Staying Infectious in the Air and on Surfaces
SARS-CoV-2 is notably stable outside the body. In aerosol form, the ancestral strain had a half-life of about 3.2 hours, meaning half the viral particles were still viable after that time. Some variants lasted even longer: the Alpha variant had an aerosol half-life of roughly 6 hours. On plastic surfaces, the half-life ranged from about 3.5 hours (Omicron) to nearly 6 hours (Beta variant), depending on the strain.
This environmental durability supported multiple transmission routes. While airborne spread turned out to be the dominant pathway, the virus’s ability to survive on surfaces for hours added another channel, particularly in indoor settings with poor ventilation. Many common cold viruses lose viability on surfaces much faster, and influenza’s aerosol half-life is generally shorter, which partly explains why COVID spread so efficiently in crowded indoor spaces like restaurants, gyms, and offices.

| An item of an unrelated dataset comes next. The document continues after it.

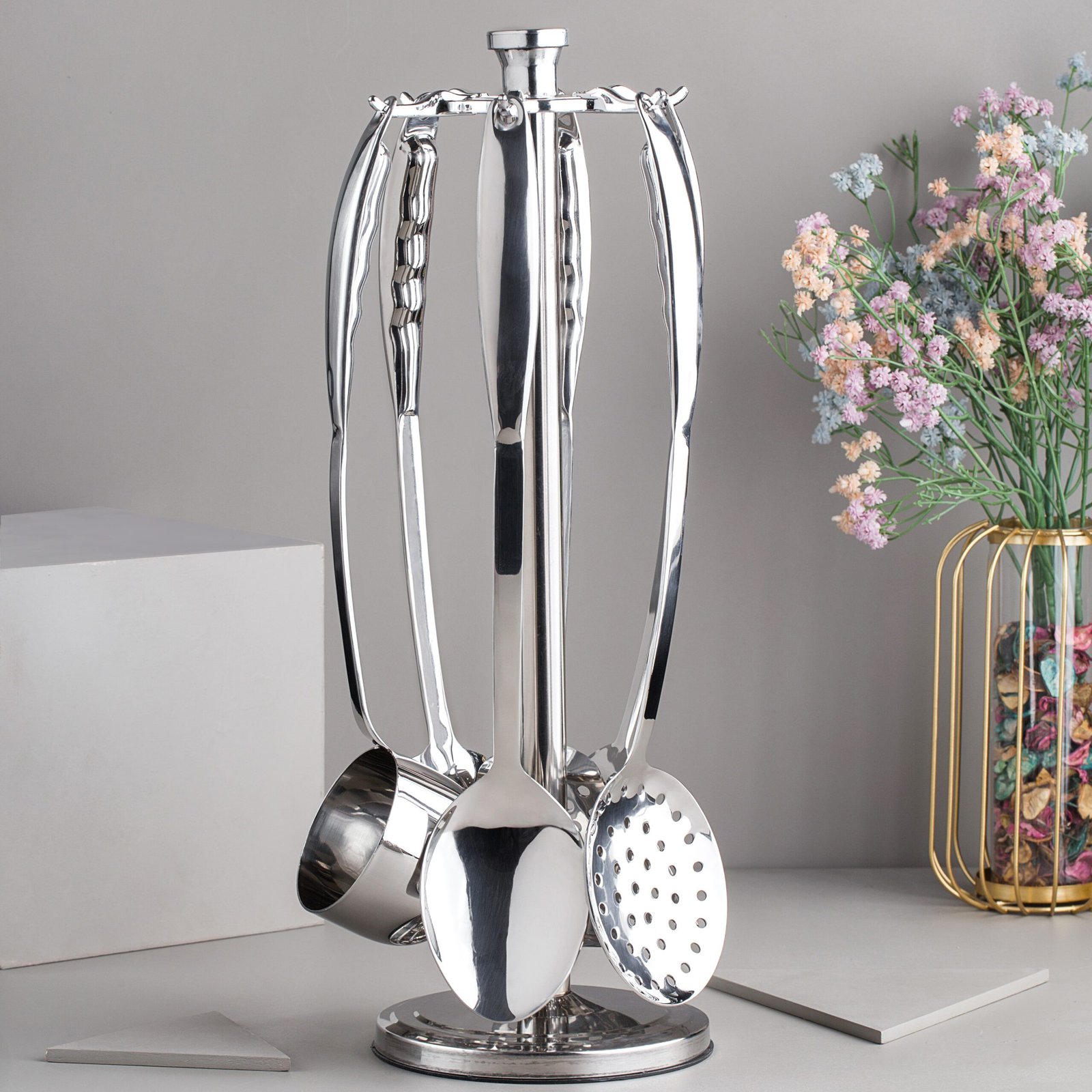 • The stainless steel stand keeps the utensils neatly arranged and easily accessible, adding functionality to your kitchen space.

Higher Fatality Than Seasonal Flu
Global case fatality rates for COVID-19 dropped significantly over the course of the pandemic, from about 2.4% in the early months to around 0.9% by 2023, thanks to vaccines, treatments, and population immunity. Seasonal influenza, by comparison, typically kills about 0.1% of those infected. Even at its lowest, COVID’s fatality rate remained several times higher than flu’s.

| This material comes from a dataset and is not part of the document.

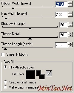 GAP FILL:共有三个选项,若勾选FILL WITH SOLID COLOR,则织条间隙为指定的色彩填充,若选择KEEP ORIGINAL IMAGE,则间隙被原始图象填充,若勾选MAKE GAPS TRANSPARENT,则间隙保持透明。本选项在BACKGROUND图层无效;

The numbers also varied sharply by geography and income. High-income countries reported the highest infection rates (about 35% of the population cumulatively) but the lowest fatality rates (0.6%), reflecting better access to healthcare and vaccines. Low-income countries had far fewer confirmed infections (0.6% of the population) but the highest fatality rate (1.6%), likely due to limited medical resources and underreporting of milder cases. Africa’s cumulative case fatality rate of 2% was ten times higher than Oceania’s 0.2%.
Long-Term Symptoms at an Unusual Scale
Perhaps the most distinctive feature of COVID-19 is the frequency with which it causes prolonged symptoms. While post-viral fatigue syndromes exist after other infections, including flu and mononucleosis, the sheer number of COVID survivors reporting persistent problems drew attention to what became known as long COVID. Symptoms lasting beyond 12 weeks, including fatigue, brain fog, shortness of breath, and heart palpitations, affected a substantial portion of those infected, including many with initially mild illness.
The mechanisms likely tie back to several features already described: the virus’s ability to invade multiple organ systems, its disruption of normal immune signaling, and the widespread presence of ACE2 receptors in tissues beyond the lungs. Damage to blood vessel linings, persistent low-level inflammation, and possible viral reservoirs in tissues like the gut are all under investigation as explanations for why recovery from this particular virus takes so much longer than what most people experience after a typical respiratory infection.